Entries shown ▸

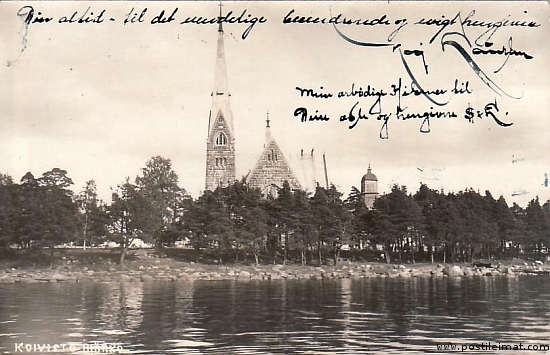 Valokuva - Postikortti Koivisto - Kirkko Björkö 20.Aug. 1924 Fröken S. R. P. P. S. Noschis Helsinki t. ? (vh)
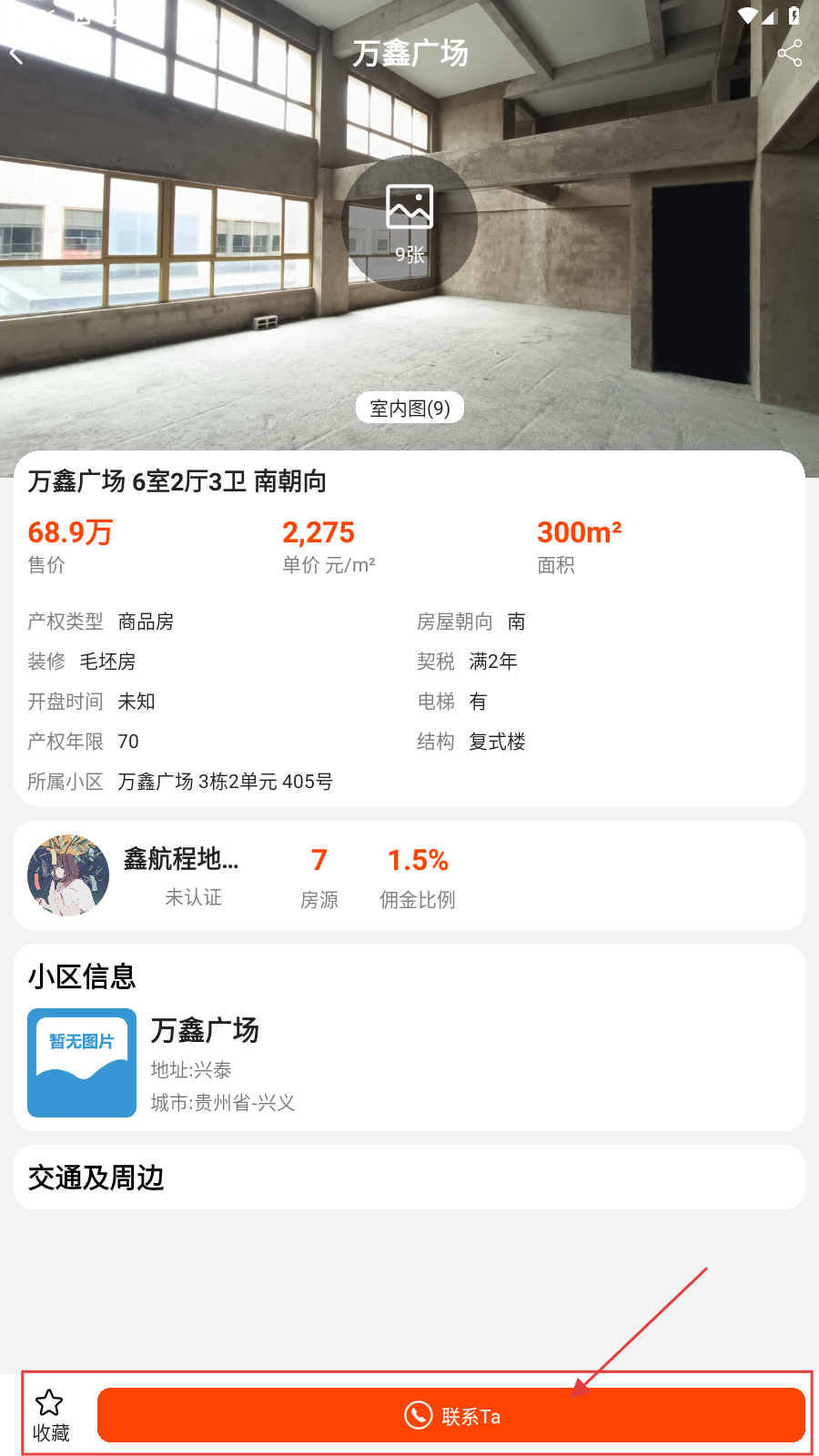 3、进入心仪房源详情,点【联系Ta】,获取经纪人电话。
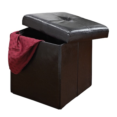 Simplify Single Folding Faux leather Ottoman, Black is a fold-able bench made of faux leather featuring a removable top that reveals a large storage area with a 100% non-woven liner. This 15" ottoman can hold up to 200 lbs..
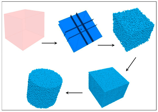 The DEM was established as follows: A domain where the calculations were to be conducted was first built, and the boundary of the model was then set. The bonded particles were generated within the model boundary, and it reached a balance via multiple calculations. The balanced particles’ assembly was then cut into a cylindrical model with designated dimensions. The loading plates in the UPT were simulated by setting two plates with certain diameters in both the top and bottom of the cylindrical particle model. The data of axial stress and displacement during the DEM simulation for the UPT were monitored and recorded using the FISH codes in PFC3D. By using Formula (1), tensile stress in the DEM simulation was measured.
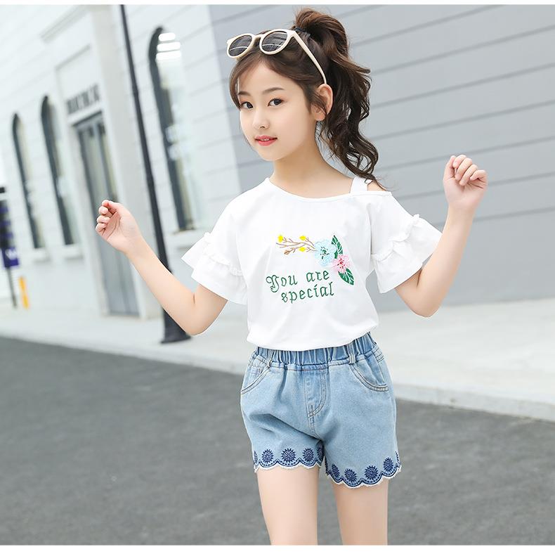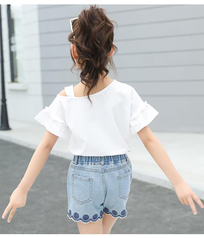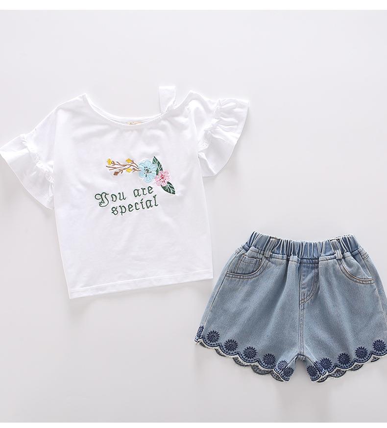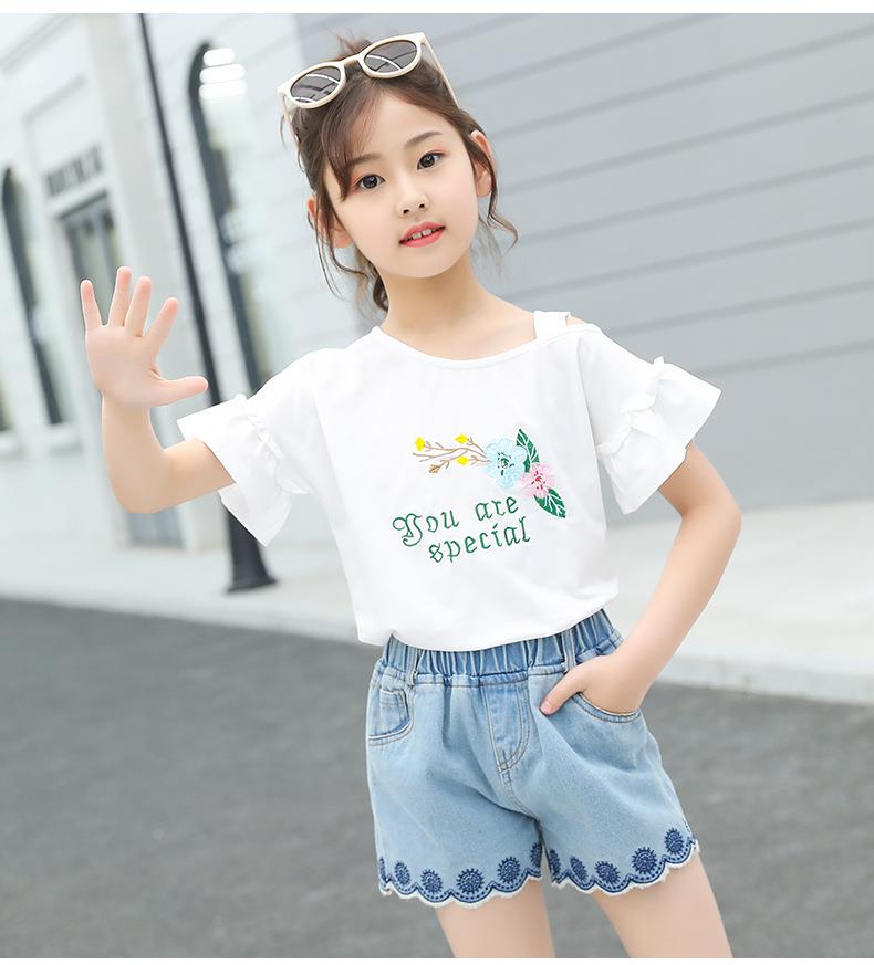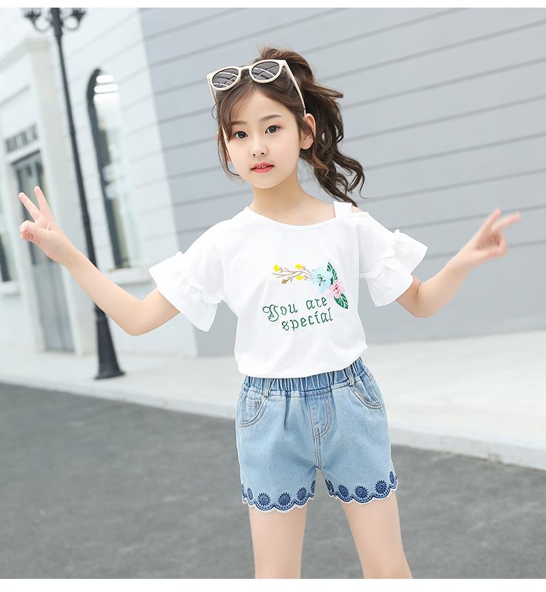 女童套装2023新款跨境外贸童装儿童夏季牛仔短裤T恤时髦两件套潮
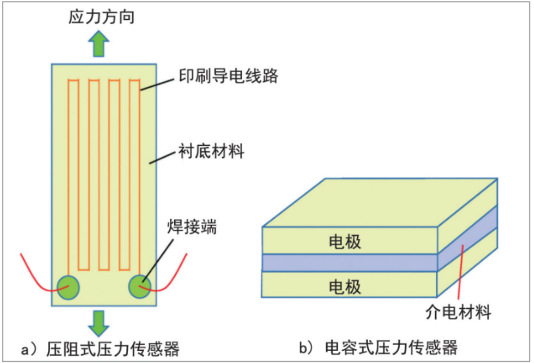 作為下一代電子產(chǎn)品,可穿戴電子設(shè)備可以與我們的身體相結(jié)合,以擴(kuò)展我們的感知能力,或提供實(shí)時(shí)的個(gè)人健康信息等。壓力感知能力是人類皮膚最基本而又最強(qiáng)大的特征之一。柔性有機(jī)聚合物和可拉伸壓力傳感器為模擬人類皮膚的傳感和柔軟的機(jī)械特性提供了一個(gè)潛在機(jī)會(huì)。同時(shí),具有高傳感性能的壓力傳感器在軟機(jī)器人、可穿戴電子設(shè)備、生物醫(yī)學(xué)設(shè)備和智能包裝中有著廣闊的應(yīng)用前景。目前,各種不同結(jié)構(gòu)的壓力傳感器已經(jīng)發(fā)展起來(lái),如電容式、壓阻式和壓電式。
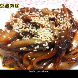 锅烧热,倒油,7成热时,放入姜丝炒香,然后放入平菇丝,用中火煸炒大约5分钟左右,炒到平菇丝的水分蒸发,变得略干,边儿上焦黄后倒入酱汁炒匀,出锅撒些白芝麻即可。
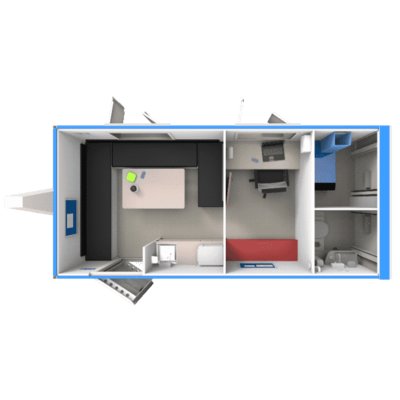 This robust and secure towable cabin is made from steel and has lockable security doors, window shutters, a 5-point deadlocking system, and a hydraulic isolation switch to ensure safety and security on site. It is suitable for the most remote and demanding environments.
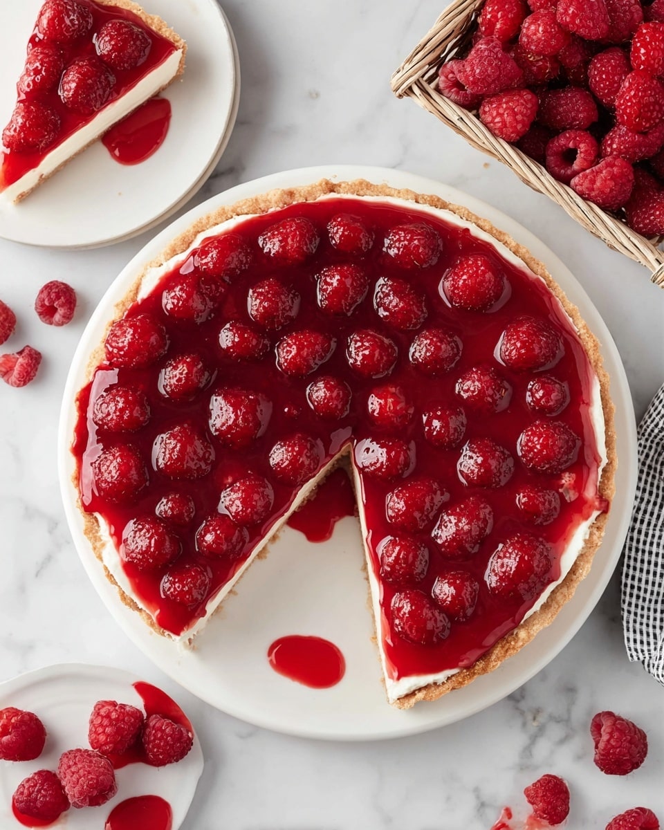 This delicious Raspberry Pie features a flaky 9-inch pie crust filled with a sweet and tangy mixture of fresh raspberries, raspberry Jello, and a perfectly thickened syrup. It’s a refreshing dessert ideal for showcasing fresh summer berries with a beautifully set filling.
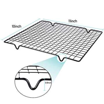 Show moreIntroducing the Lamoutor 2Pcs Metal Kitchen Baking Cooling Rack — a must-have kitchen essential designed for versatile cooking and baking tasks! Made from heavy-weight metal wire with a non-stick coating, this cooling rack offers an exceptional balance of durability and functionality. Say goodbye to rust and hello to reliability in your kitchen adventures. Each rack measures 10 x 11 inches, providing ample space for cakes, cookies, meats, and more, while the striking black color adds a modern touch to your kitchen decor. Perfect for both professional chefs and home cooks alike, the Lamoutor cooling rack will elevate your culinary creations to new heights.
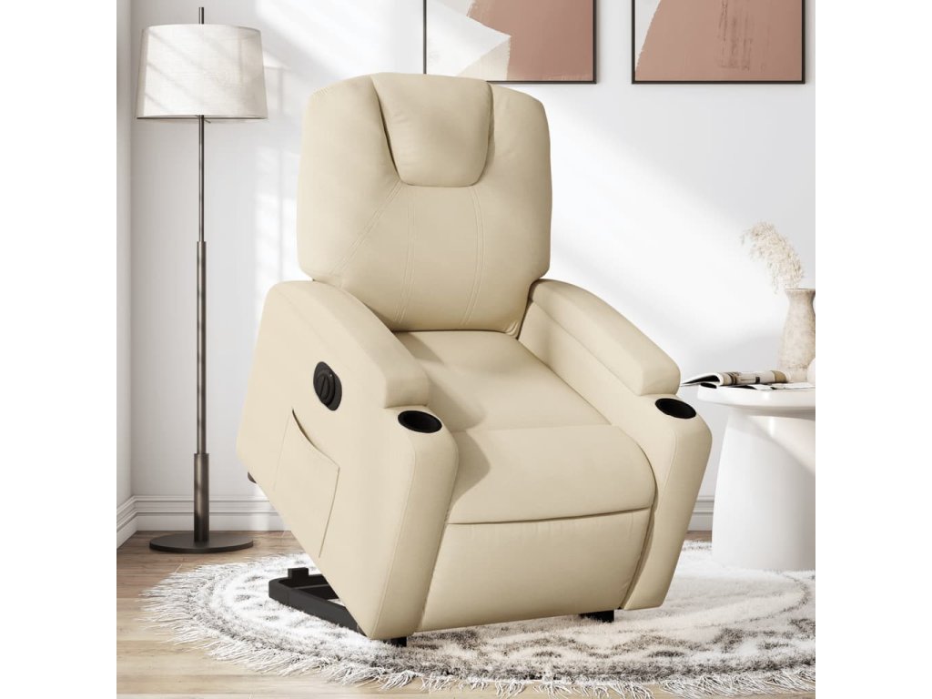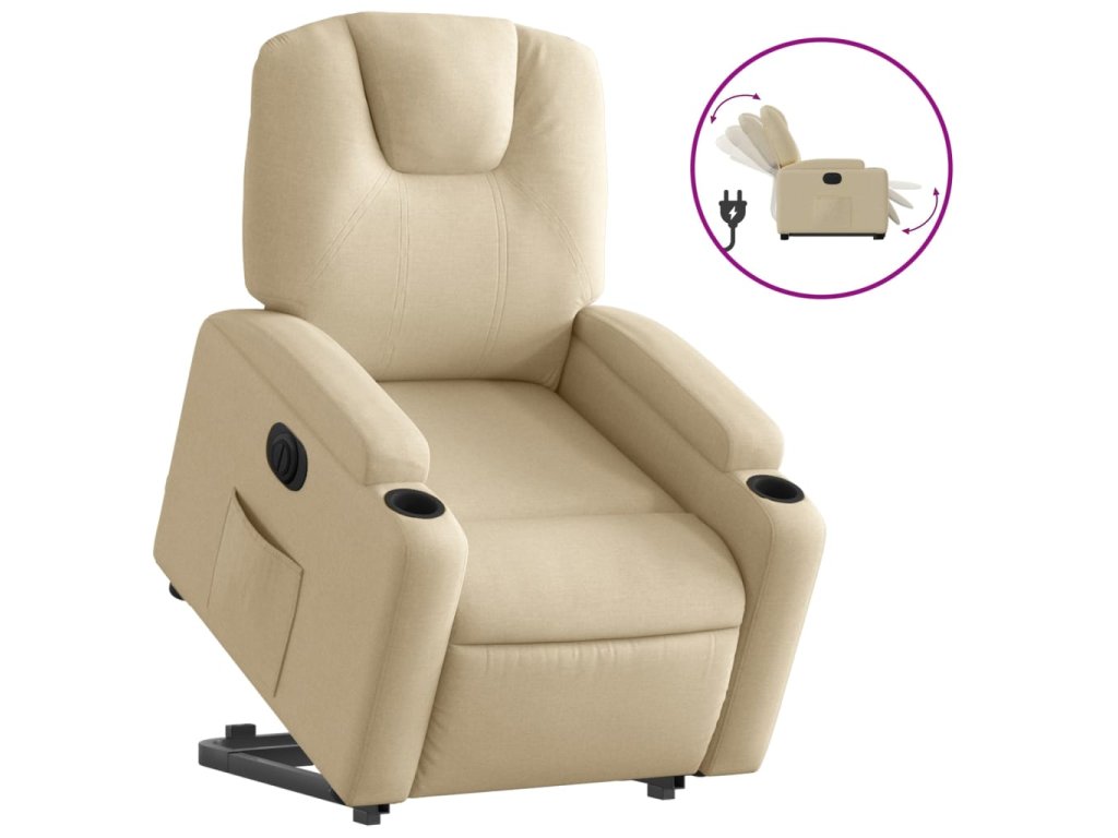 Elektrické zvedací polohovací křeslo krémové textil 3204401

Activity ▸ Output each record above exactly; omit the images.

Answer to the problem ▸
 Valokuva - Postikortti Koivisto - Kirkko Björkö 20.Aug. 1924 Fröken S. R. P. P. S. Noschis Helsinki t. ? (vh)
 3、进入心仪房源详情,点【联系Ta】,获取经纪人电话。
 Simplify Single Folding Faux leather Ottoman, Black is a fold-able bench made of faux leather featuring a removable top that reveals a large storage area with a 100% non-woven liner. This 15" ottoman can hold up to 200 lbs..
 The DEM was established as follows: A domain where the calculations were to be conducted was first built, and the boundary of the model was then set. The bonded particles were generated within the model boundary, and it reached a balance via multiple calculations. The balanced particles’ assembly was then cut into a cylindrical model with designated dimensions. The loading plates in the UPT were simulated by setting two plates with certain diameters in both the top and bottom of the cylindrical particle model. The data of axial stress and displacement during the DEM simulation for the UPT were monitored and recorded using the FISH codes in PFC3D. By using Formula (1), tensile stress in the DEM simulation was measured.
 女童套装2023新款跨境外贸童装儿童夏季牛仔短裤T恤时髦两件套潮
 作為下一代電子產(chǎn)品,可穿戴電子設(shè)備可以與我們的身體相結(jié)合,以擴(kuò)展我們的感知能力,或提供實(shí)時(shí)的個(gè)人健康信息等。壓力感知能力是人類皮膚最基本而又最強(qiáng)大的特征之一。柔性有機(jī)聚合物和可拉伸壓力傳感器為模擬人類皮膚的傳感和柔軟的機(jī)械特性提供了一個(gè)潛在機(jī)會(huì)。同時(shí),具有高傳感性能的壓力傳感器在軟機(jī)器人、可穿戴電子設(shè)備、生物醫(yī)學(xué)設(shè)備和智能包裝中有著廣闊的應(yīng)用前景。目前,各種不同結(jié)構(gòu)的壓力傳感器已經(jīng)發(fā)展起來(lái),如電容式、壓阻式和壓電式。
 锅烧热,倒油,7成热时,放入姜丝炒香,然后放入平菇丝,用中火煸炒大约5分钟左右,炒到平菇丝的水分蒸发,变得略干,边儿上焦黄后倒入酱汁炒匀,出锅撒些白芝麻即可。
 This robust and secure towable cabin is made from steel and has lockable security doors, window shutters, a 5-point deadlocking system, and a hydraulic isolation switch to ensure safety and security on site. It is suitable for the most remote and demanding environments.
 This delicious Raspberry Pie features a flaky 9-inch pie crust filled with a sweet and tangy mixture of fresh raspberries, raspberry Jello, and a perfectly thickened syrup. It’s a refreshing dessert ideal for showcasing fresh summer berries with a beautifully set filling.
 Show moreIntroducing the Lamoutor 2Pcs Metal Kitchen Baking Cooling Rack — a must-have kitchen essential designed for versatile cooking and baking tasks! Made from heavy-weight metal wire with a non-stick coating, this cooling rack offers an exceptional balance of durability and functionality. Say goodbye to rust and hello to reliability in your kitchen adventures. Each rack measures 10 x 11 inches, providing ample space for cakes, cookies, meats, and more, while the striking black color adds a modern touch to your kitchen decor. Perfect for both professional chefs and home cooks alike, the Lamoutor cooling rack will elevate your culinary creations to new heights.
 Elektrické zvedací polohovací křeslo krémové textil 3204401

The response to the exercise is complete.